In the inherited form, which is the most common, there are genetic changes or mutations affecting the gene responsible for producing von Willebrand factor. This gene is located on chromosome 12. When this gene has certain mutations, it leads to either a lower amount of VWF being made or production of VWF that does not work correctly. Because VWF helps platelets stick together and also carries another important clotting protein called factor VIII, any deficiency or dysfunction disrupts normal clotting processes. These genetic defects are usually passed down from parents to children in an autosomal pattern, meaning both males and females can be affected equally.
There are different types of inherited VWD depending on whether there is simply less von Willebrand factor present (quantitative defect) or if the factor produced does not function properly (qualitative defect). Some people have mild reductions causing minor bleeding issues while others have more severe deficiencies leading to significant bleeding problems.

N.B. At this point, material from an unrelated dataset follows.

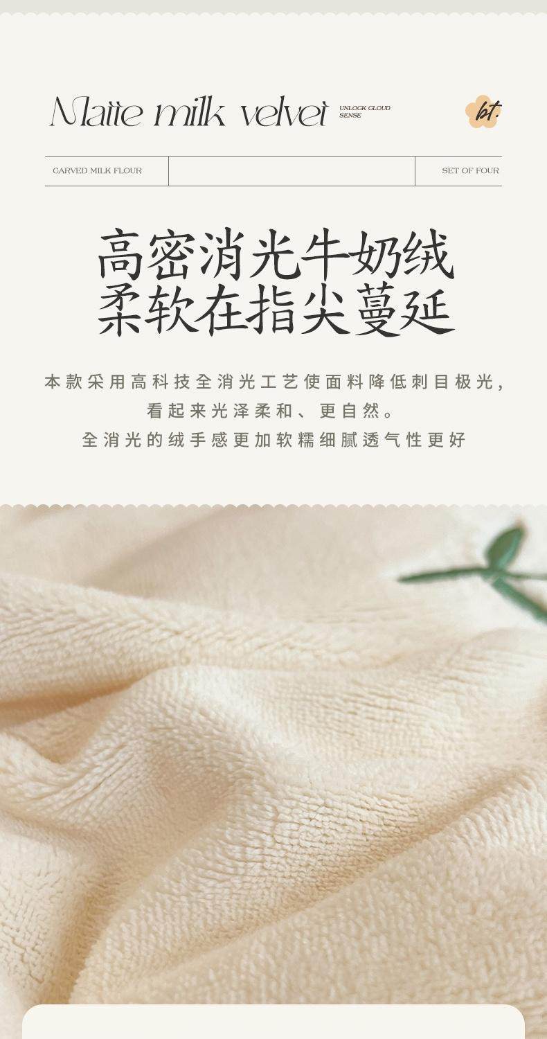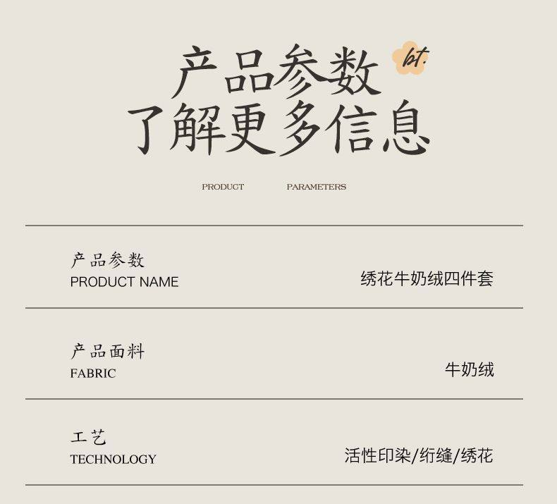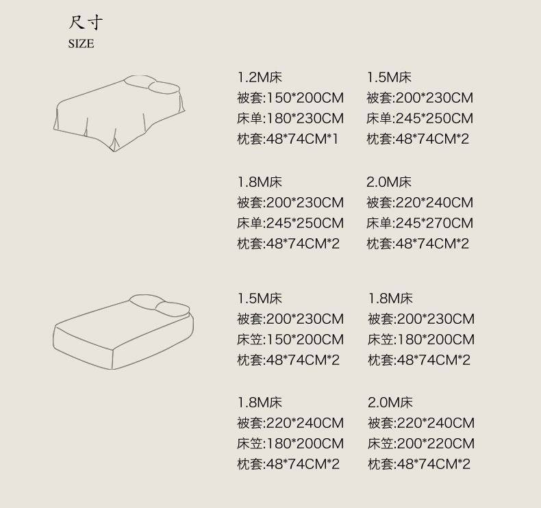 | Size specifications | 1.2m three-piece bed sheet set, quilt cover 150x200,1.5m bed sheet four-piece set-quilt cover 200x230,1.8m bed sheet four-piece set-quilt cover 200x230,2.0m bed sheet four-piece set-quilt cover 220x240,1.5m fitted sheet set of four-quilt cover 200x230,1.8m fitted sheet set of four-quilt cover 200x230 |

Acquired von Willebrand syndrome occurs later in life due to other medical conditions rather than genetics. Certain diseases such as some cancers, autoimmune disorders where the immune system attacks parts of the body mistakenly, heart valve abnormalities that cause mechanical stress on blood components, and even some medications can lead to structural changes or destruction of von Willebrand factor after it has been made normally by the body. In these cases, although the gene itself is normal, external factors cause either reduced levels or impaired function of VWF resulting in similar bleeding tendencies as seen with inherited forms.
At its core, what causes Von Willebrand disease boils down to insufficient quantity or poor quality of von Willebrand factor available for proper blood clot formation. Without enough functional VWF circulating in your bloodstream:
– Platelets cannot stick well at sites where blood vessels are injured.
– Factor VIII becomes unstable and decreases because it relies on binding with VWF.
– The overall process that stops bleeding becomes inefficient leading to prolonged bleeding times from cuts or injuries.
In rare situations related specifically to platelet abnormalities themselves—where platelets do not bind properly even if normal amounts of functional VWF exist—bleeding symptoms similar to Von Willebrand disease may appear due to defective interaction between platelets and this critical protein.
Understanding what causes Von Willebrand disease involves recognizing how tightly linked genetics and environmental factors influence this essential component for hemostasis—the body’s natural way of stopping bleeding—and how disruptions at various points lead back ultimately to faulty availability or action of von Willebrand factor itself.